1 hour ago, NikiTo said:

I had the worst struggle in my life with floating point precision problems. But i solved the glitches.

And i never have it problems. Becouse formulas that i am googling related to metodolgy of calculations of stability conditions. really it not a bad idea to look a formulas on reference books, just becouse it impossible to remember it all and take to long time to invent it from scratch for each usage. But for first you have to know what formula to looking for and for main you have to be able to understand it formulas and how to use it proper. It why higher math so importent for prorammers, much more importent than for other engineering fields. 

#define if(a) if((a) && rand()%100)

I think we may have another language difficulty here that we should really clear up. Yes, algorithms are technically "mathematics" in the sense that they are ultimately a formalized process, but they don't seem (at first glance) to be quite like what many North Americans think of as "math."

The colloquial meaning of "math" in North America refers to a specific subset of mathematics that is taught up to high school and in a way that emphasizes doing lots of manual calculations on paper, often without a whole lot of explanation of the theory behind the calculations. I find when someone over here says that they "aren't good at math", usually what they really mean is, "I am not good at solving equations written with some Greek letters, by hand, in a classroom setting." Arguably, the colloquial meaning of "math" in English is now closer to "manual computation" than what mathematicians mean by "math!" In my experience, actual programming (in the sense of formalizing a process) doesn't involve a lot of the kind of thing we do in high school, which is why many programmers say that you don't have to be good at "math" (note quotation marks) in order to be a programmer. 

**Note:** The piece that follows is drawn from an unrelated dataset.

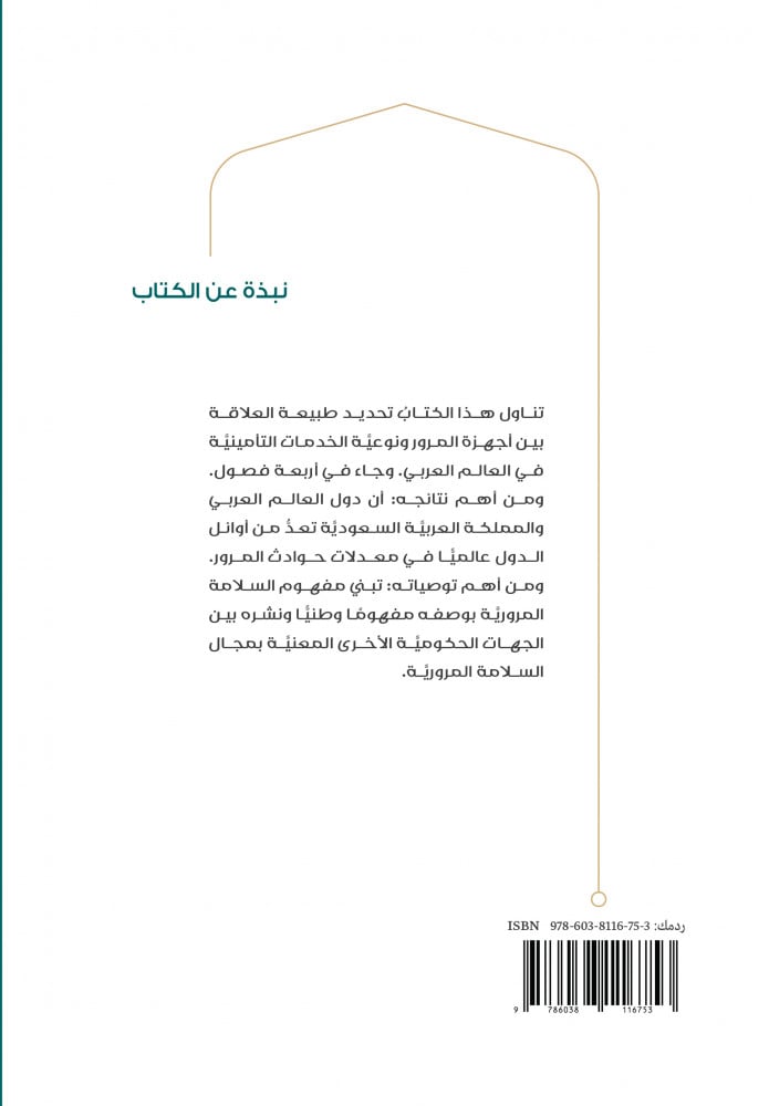 تناول هذا الكتابُ تحديد طبيعة العلاقة بين أجهزة المرور ونوعيَّة الخدمات التأمينيَّة في العالم العربي. وجاء في أربعة فصول. ومن أهم نتائجه: أن دول العالم العربي والمملكة العربيَّة السعوديَّة تعدُّ من أُوليات الدول عالميًّا في معدلات حوادث المرور. ومن أهم توصياته: تبني مفهوم السلامة المروريَّة بوصفه مفهومًا وطنيًّا ونشره بين الجهات الحكوميَّة الأخرى المعنيَّة في مجال السلامة المروريَّة.

Those of us who have our undergrads in a field like computer science know that mathematics is a lot more expansive than that (remember, I said earlier in the thread that CS is really a branch of math), but to those of us who grew up in a North American school system, a lot of CS math doesn't really feel like the "math" we did in high school. There is much more focus on proofs, understanding the concepts, and formalizing your thinking rather than memorizing equations and types of problems you can apply them to.

28 minutes ago, Fulcrum.013 said:

If you have to google it you can not uderstand intuitive a 3D space navigation.

When i publish my next demo, i will challenge you to get half near to its quality. It is pointless to argue.
You don't think in a way a computer thinks.
(My collisions are working greatly)
 

5 minutes ago, Oberon_Command said:

I find when someone over here says that they "aren't good at math", usually what they really mean is, "I am not good at solving equations written with some Greek letters, by hand, in a classroom setting."

Sorry, i hit enter here....

I wanted to say that in some very advanced and official technical papers, i have read like: "for those who can not read mathematical equations, here is the SAME algorithm in C".

sorry i hit ctrl something...

17 minutes ago, NikiTo said:

I wanted to say that in some very advanced and official technical papers, i have read like: "for those who can not read mathematical equations, here is the SAME algorithm in C".

This is a good point. It's perfectly possible to be decent at actual mathematics, but not particularly familiar with the notation that mathematicians use to express it. I had a lot of trouble when I was in my first couple of years of university that way. I could understand the concepts just fine, but I sometimes I felt as though I was drowning in the notation my instructors were using. I have been programming since I was 9 years old (before I even started learning algebra), so I "think in code" rather than in notation. As soon as I saw the same concepts implemented in a programming language I knew, I often suddenly "got" it.

In a school environment, one could easily mistake a trouble with notation for a trouble with mathematics.